Directions for this task ▸
For each line of the material, check for the string "giáo"; then state how many lines had it, giving only the number.
____
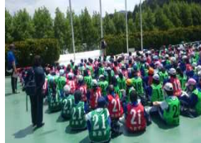
さすが勝中生です。聞く姿勢が素晴らしいです。
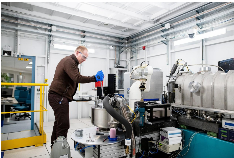
Chargement d'échantillons par l'utilisateur de la ligne de lumière synchrotron BM07-FIP2
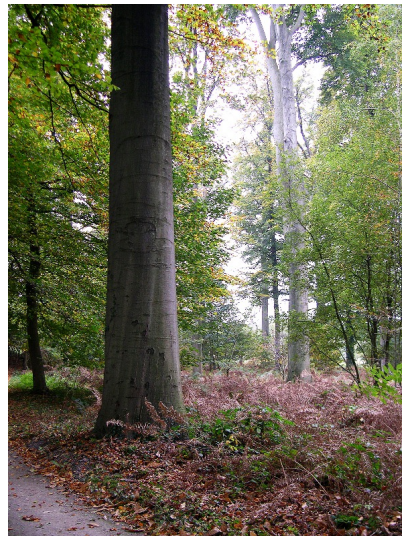
Oud beukenplantsoen langs de noordoostzijde van het domein Morette
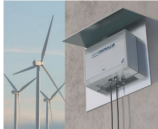
Controller wind turbines
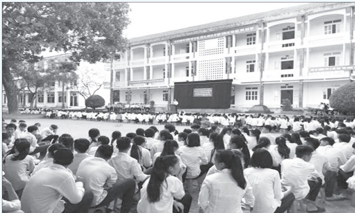
Trên 1.000 cán bộ giáo viên và học sinh trường THPT Lê Hữu Trác tham gia chương trình ngoại khóa giáo dục chủ nghĩa yêu nước và đạo đức cách mạng

T rong những năm qua, công tác giáo dục lý luận chính trị, giáo dục truyền thống trên địa bàn huyện có vai trò quan trọng, góp phần vào việc giác ngộ cách mạng, nâng cao nhận thức chính trị, thống nhất ý chí, hành động của cán bộ, đảng viên và Nhân dân nhằm thực hiện thắng lợi các mục tiêu, nhiệm vụ đề ra, xây dựng huyện nhà ngày càng phát triển.
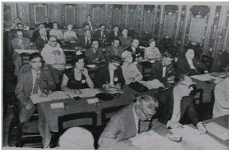
Un groupe de participants à la Conférence des Organisations Correspondantes de l'I.A.I.

certaines essences d'arbres ont trop poussé et que les buissons n'ont pas été soumis à la taille ? Je m'excuse de cette comparaison poétique mais je dois vous avouer que j'aime les jardins et que je reste un fidèle lecteur de la Comtesse de Noailles. Aussi, si mon exposé vous paraît un peu pessimiste, je vous dirais que je crois tellement à la valeur du libre groupement des individus, que j'estime que même dans l'hypothèse où les organisations internationales non gouvernementales viendraient à être complètement étouffées par le développement — heureux par ailleurs — des organisations intergouvernementales, elles seraient en droit de dire avec la Comtesse de Noailles « Ma cendre sera plus chaude que leur vie ».
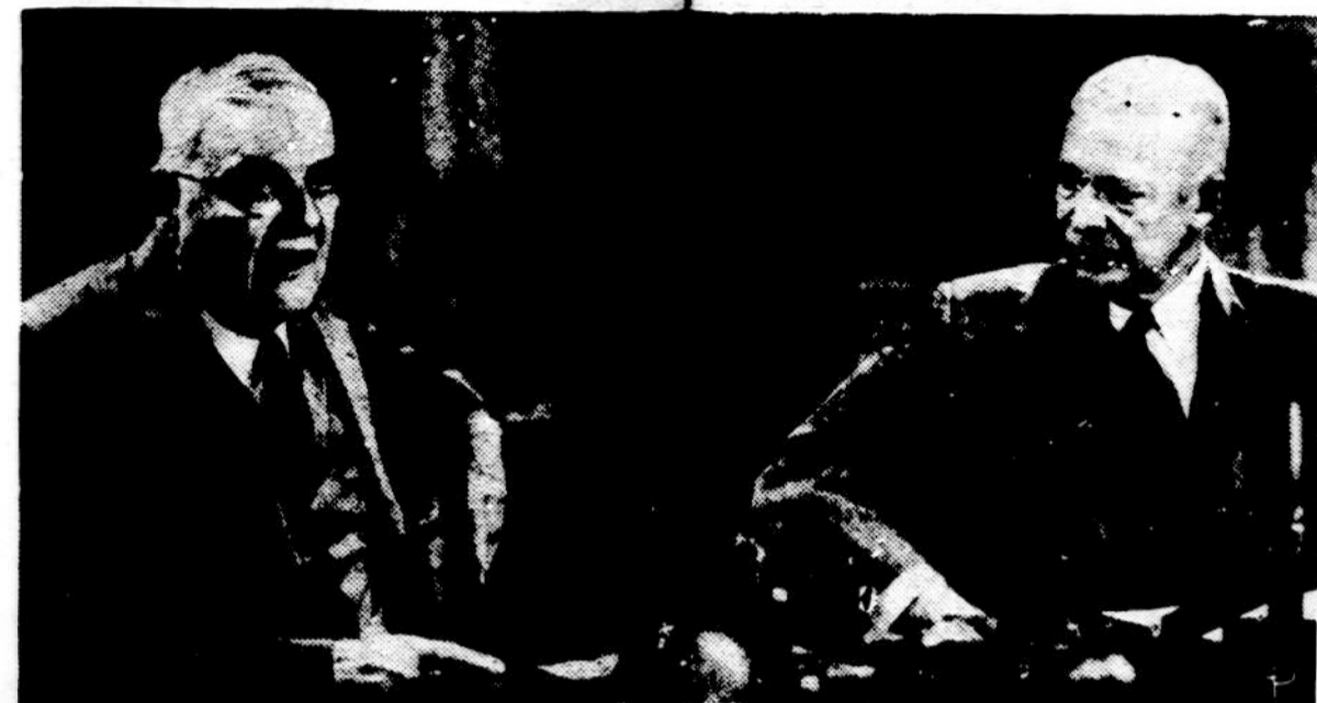
Sueco kanalo byla kelia susirūpinimo ir Amerikos vadams. Valstybės sekretorius John Foster Dulles buvo nuykęs į Angliją tartis tuo reikalu. Ten buvo sutarta rugpiūčio 16 d. suaukinti Londone 24 valstybių konferenciją. Grįžęs jis tuo reikalu kalbėjo ir per televiziją. Čia jį matome kalbant, jo klausosi ir pats prezidentas. Dulles dalyvauja ir minėtoje Londono konferencijoj šią savaitę.
____
Answer box ▸
2